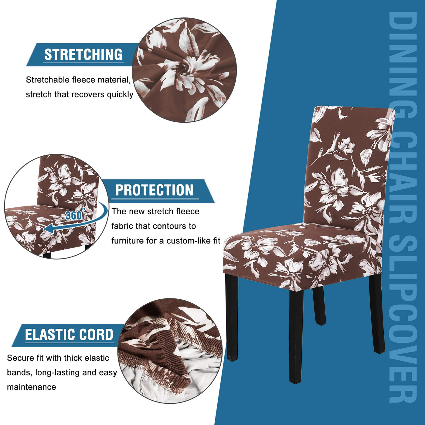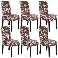 H.Versailtex Stretch Dining Chair Covers Set Of 6 Chair Covers For Dining Room Parsons Chair Slipcover Chair Protectors Covers Dining, Feature Modern Floral Printed Design, Chocolate
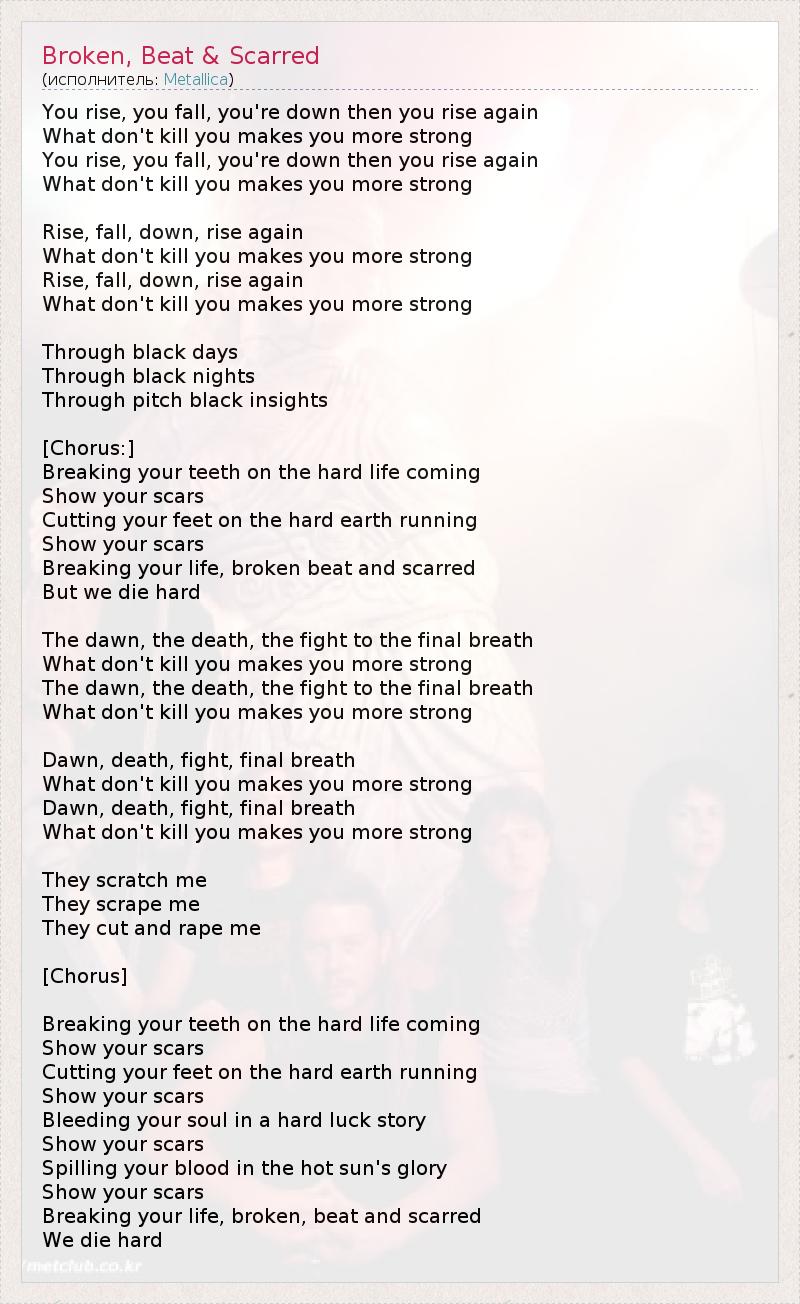 А как ты думаешь, о чем песня "Broken, Beat & Scarred" ?
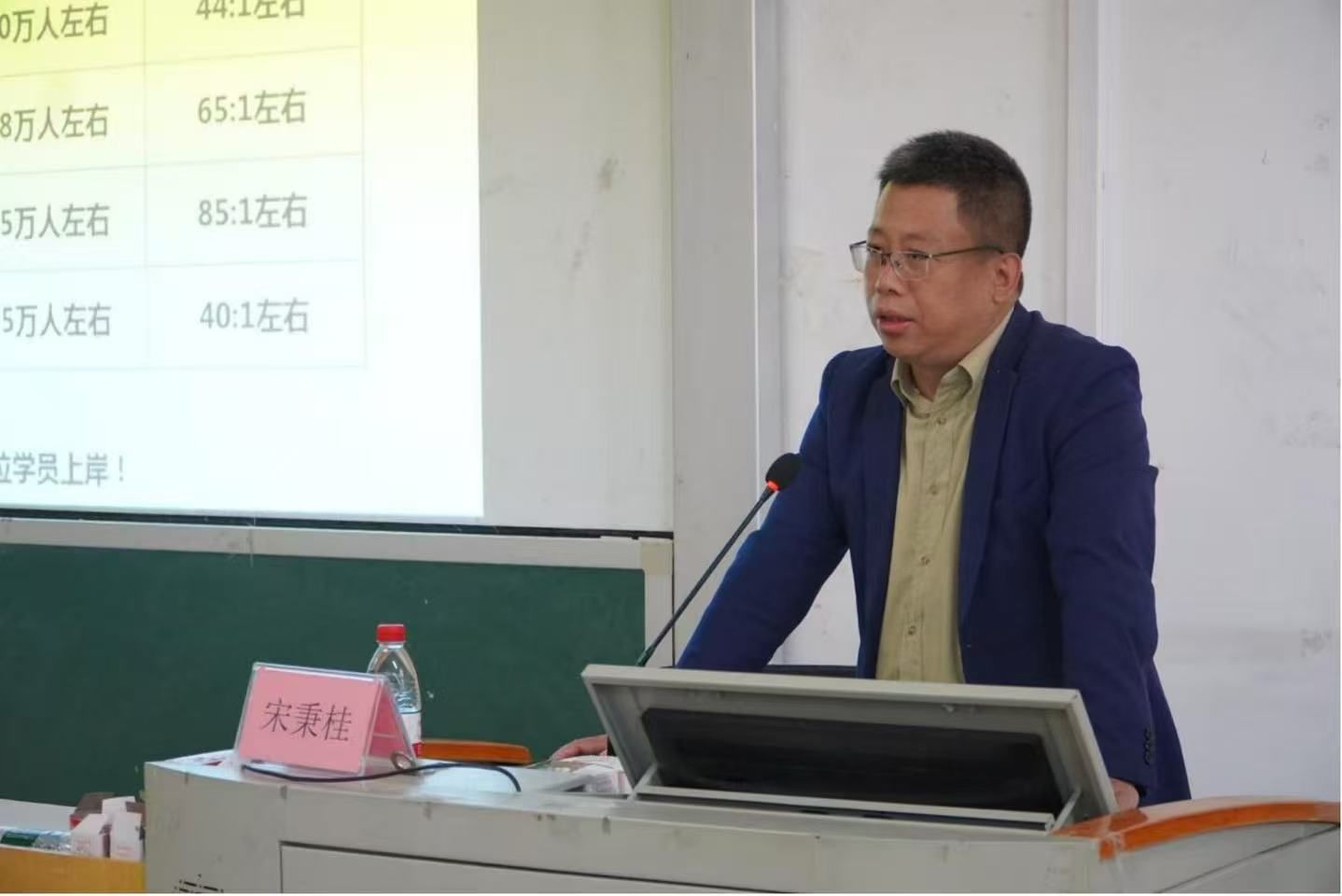 于文科综合教学楼315教室举办就业引航之公务员考试培训。讲座由韦肖莹老师主持、鸿政教育就业指导讲师宋秉桂主讲。

◆ ◆ ◆ ◆ ◆

→ **THE PROBLEM**:
Copy out all the data exactly. No images belong in the copy.

→ **SOLVED PROBLEM**:
 H.Versailtex Stretch Dining Chair Covers Set Of 6 Chair Covers For Dining Room Parsons Chair Slipcover Chair Protectors Covers Dining, Feature Modern Floral Printed Design, Chocolate
 А как ты думаешь, о чем песня "Broken, Beat & Scarred" ?
 于文科综合教学楼315教室举办就业引航之公务员考试培训。讲座由韦肖莹老师主持、鸿政教育就业指导讲师宋秉桂主讲。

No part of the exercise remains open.